Grace, C., Beales, P., Summerbell, C., Jebb, S.A., Wright, A., Parker, D., Kopelman, P.
International journal of obesity 2003 v.27 no.11 pp. 1319-1324
accelerometry, body fat, body mass index, calorimetry, case-control studies, deuterium, diet therapy, energy intake, energy metabolism, etiology, fat free mass, females, food intake, food records, genes, males, obesity, patients, physical activity, resting metabolic rate
INTRODUCTION: Obesity is a consistent presenting feature of the Bardet-Biedl syndrome (BBS), a hereditary disorder caused by a single gene defect. This contrasts sharply with general obesity which, despite a strong hereditary component, has a multifactorial aetiology. For BBS, the phenotypic characterisation of the components of energy balance and the implications for their management remains relatively uninvestigated. OBJECTIVE: A case-control study to determine whether energy metabolism in subjects with BBS differs from matched obese controls and to inform the clinical management of these patients.

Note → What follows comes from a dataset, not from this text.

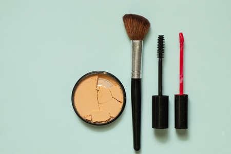 foundation powder broken and lipstick brush red on blue background, makeup set
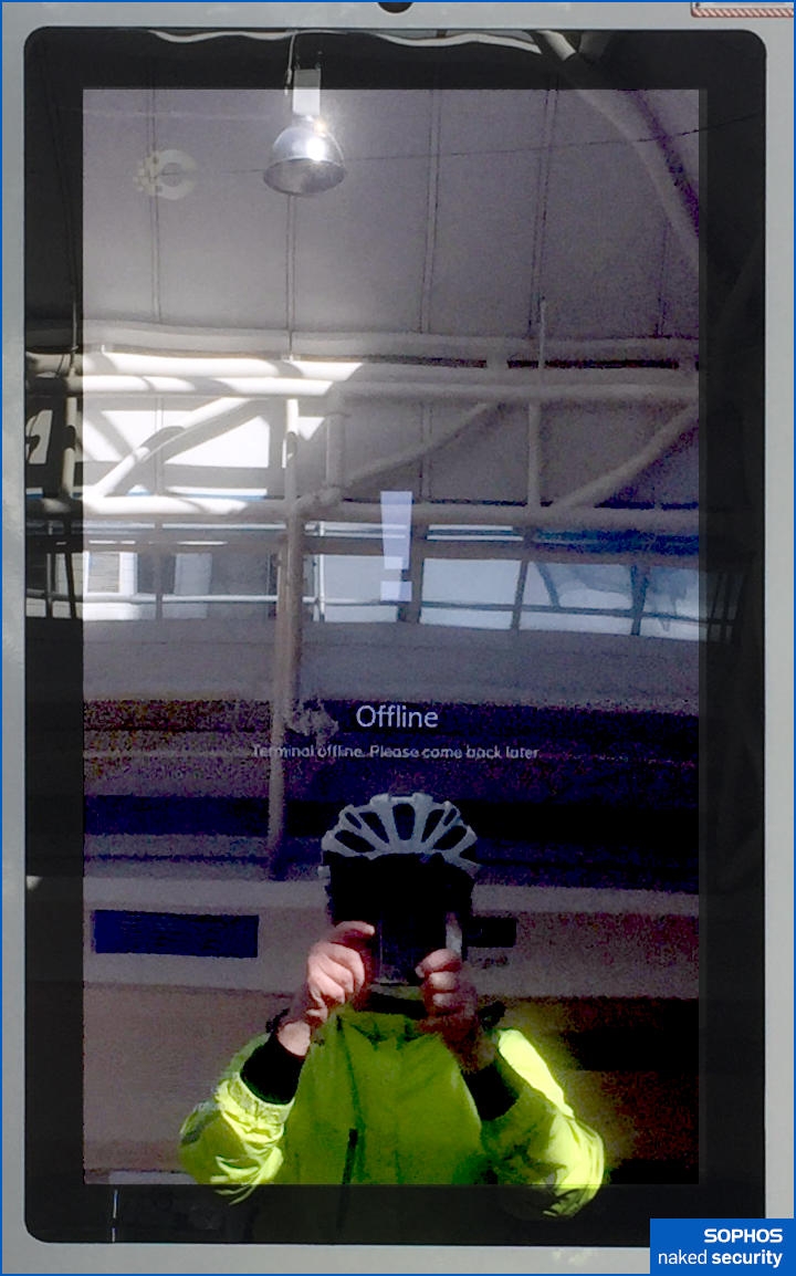 Here’s the closest device to Sophos HQ that we’re aware of (we made a quick trip to check its status during our lunch break); you can see that this one is still powered up, but dutifully spurning customers:

METHODS: A total of 20 overweight and obese subjects with BBS (11 females, 9 males) matched for age, gender and BMI to 20 subjects without BBS. Resting metabolic rate (RMR) was measured by indirect calorimetry, physical activity by CSA accelerometry, body composition by the deuterium dilution technique and dietary intake by 7-day food records. RESULTS: There was no significant difference between BBS and control subjects in body fat (male: % fat=38, s.d. 2.8 vs 34, s.d. 9.1, female: % fat=45, s.d. 5.9 vs 44, s.d. 8.1; P=0.46] or absolute RMR (male: 6.95, s.d. 1.55 MJ/day vs 7.19, s.d. 1.28 MJ/day; P=0.6). After adjustment for gender, age, fat-free mass and fat mass, there was no significant difference in RMR between BBS and control subjects (F(1, 30)=0.91; P=0.35). A lower level of physical activity was observed in BBS subjects (median cnts/min 259, IQR=153) compared to controls (median cnts/min=306, IQR=119, P=0.02). Reported energy intake, macronutrient composition and magnitude of under-reporting were comparable in both groups. CONCLUSION: This study reveals no evidence for systematic differences in energy metabolism in subjects with BBS relative to other obese individuals, suggesting that the genetic basis of BBS is not associated with specific abnormalities in energy metabolism. This is an important finding for clinical management and supports the use of energy prescriptions based on RMR for the general obese population plus an appropriate allowance for energy expended via physical activity. Further research is needed on physical activity in BBS.